══ MATERIAL SUPPLIED ══

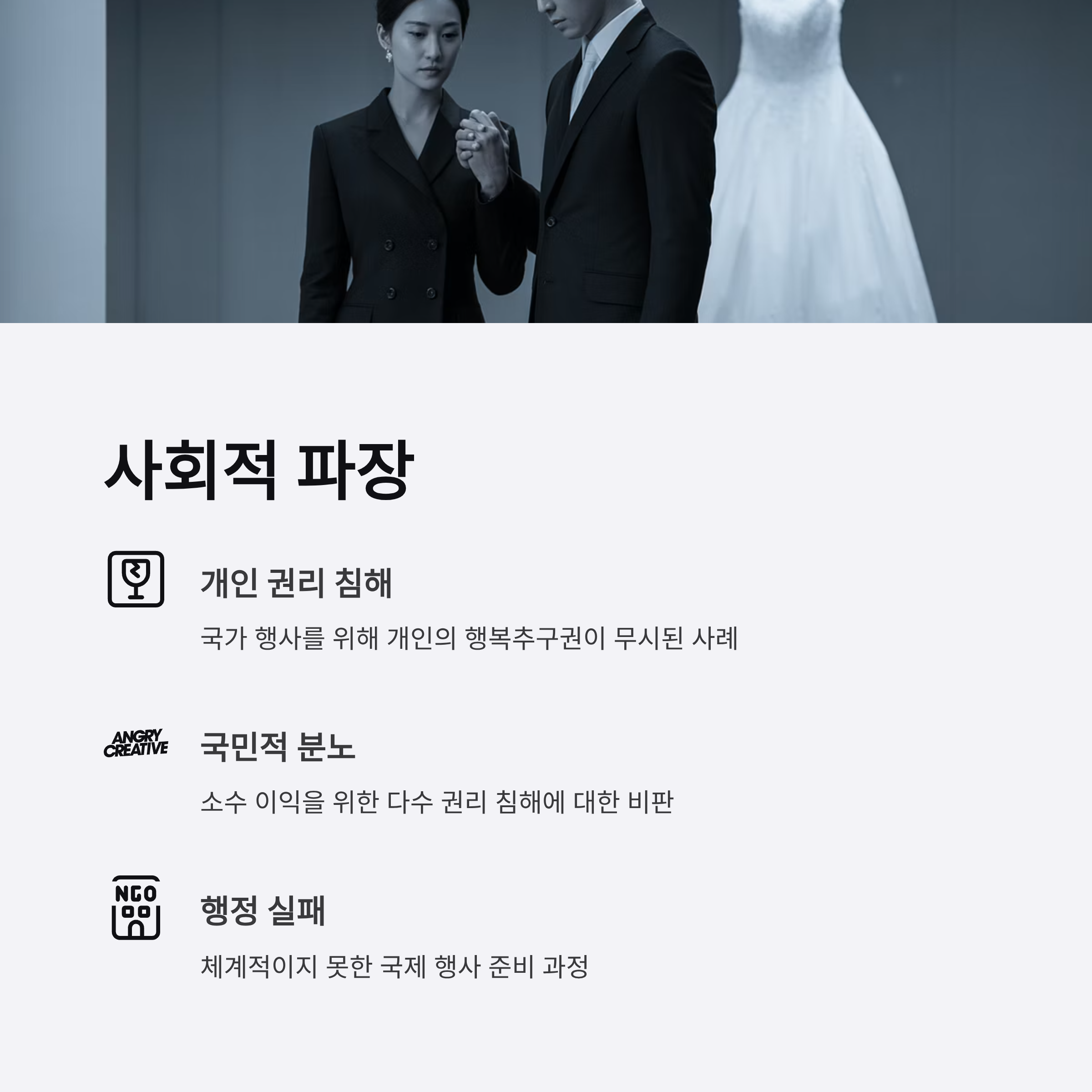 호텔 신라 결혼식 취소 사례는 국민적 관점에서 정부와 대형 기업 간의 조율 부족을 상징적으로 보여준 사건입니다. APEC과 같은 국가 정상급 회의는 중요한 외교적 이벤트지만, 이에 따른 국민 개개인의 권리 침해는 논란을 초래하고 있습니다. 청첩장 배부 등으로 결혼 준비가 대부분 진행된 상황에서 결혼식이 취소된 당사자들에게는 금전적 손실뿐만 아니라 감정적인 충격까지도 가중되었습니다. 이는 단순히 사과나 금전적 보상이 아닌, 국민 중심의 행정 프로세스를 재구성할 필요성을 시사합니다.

═══
══ MATERIAL SUPPLIED ══

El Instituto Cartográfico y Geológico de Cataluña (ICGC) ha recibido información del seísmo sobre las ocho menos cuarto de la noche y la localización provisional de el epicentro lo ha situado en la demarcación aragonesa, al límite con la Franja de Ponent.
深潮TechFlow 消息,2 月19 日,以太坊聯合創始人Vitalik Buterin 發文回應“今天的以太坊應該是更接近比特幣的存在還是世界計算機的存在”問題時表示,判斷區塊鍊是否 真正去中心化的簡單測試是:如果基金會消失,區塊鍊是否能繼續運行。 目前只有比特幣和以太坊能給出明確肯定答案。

═══
══ MATERIAL SUPPLIED ══

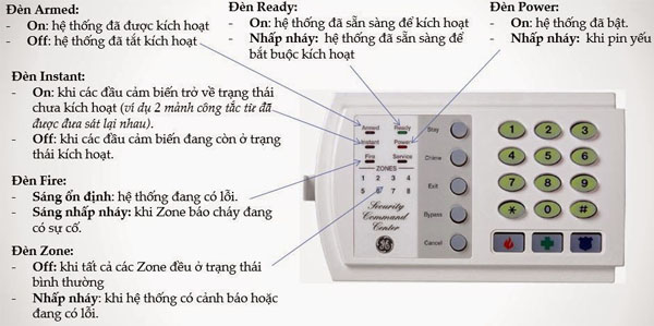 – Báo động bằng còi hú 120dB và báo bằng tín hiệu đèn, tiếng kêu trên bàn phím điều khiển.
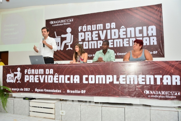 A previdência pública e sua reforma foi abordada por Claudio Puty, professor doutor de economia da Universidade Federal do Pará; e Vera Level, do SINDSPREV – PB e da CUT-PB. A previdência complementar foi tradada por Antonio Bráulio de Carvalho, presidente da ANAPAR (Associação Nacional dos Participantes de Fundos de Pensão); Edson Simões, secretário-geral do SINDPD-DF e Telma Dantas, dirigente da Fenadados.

═══

INSTRUCTIONS TO FOLLOW:
Give back the exact lines above, running from the one that has "phím điều khiển." through the one that has "A previdência pública", with nothing added and no pictures.

RESPONSE BOX:
 – Báo động bằng còi hú 120dB và báo bằng tín hiệu đèn, tiếng kêu trên bàn phím điều khiển.
 A previdência pública e sua reforma foi abordada por Claudio Puty, professor doutor de economia da Universidade Federal do Pará; e Vera Level, do SINDSPREV – PB e da CUT-PB. A previdência complementar foi tradada por Antonio Bráulio de Carvalho, presidente da ANAPAR (Associação Nacional dos Participantes de Fundos de Pensão); Edson Simões, secretário-geral do SINDPD-DF e Telma Dantas, dirigente da Fenadados.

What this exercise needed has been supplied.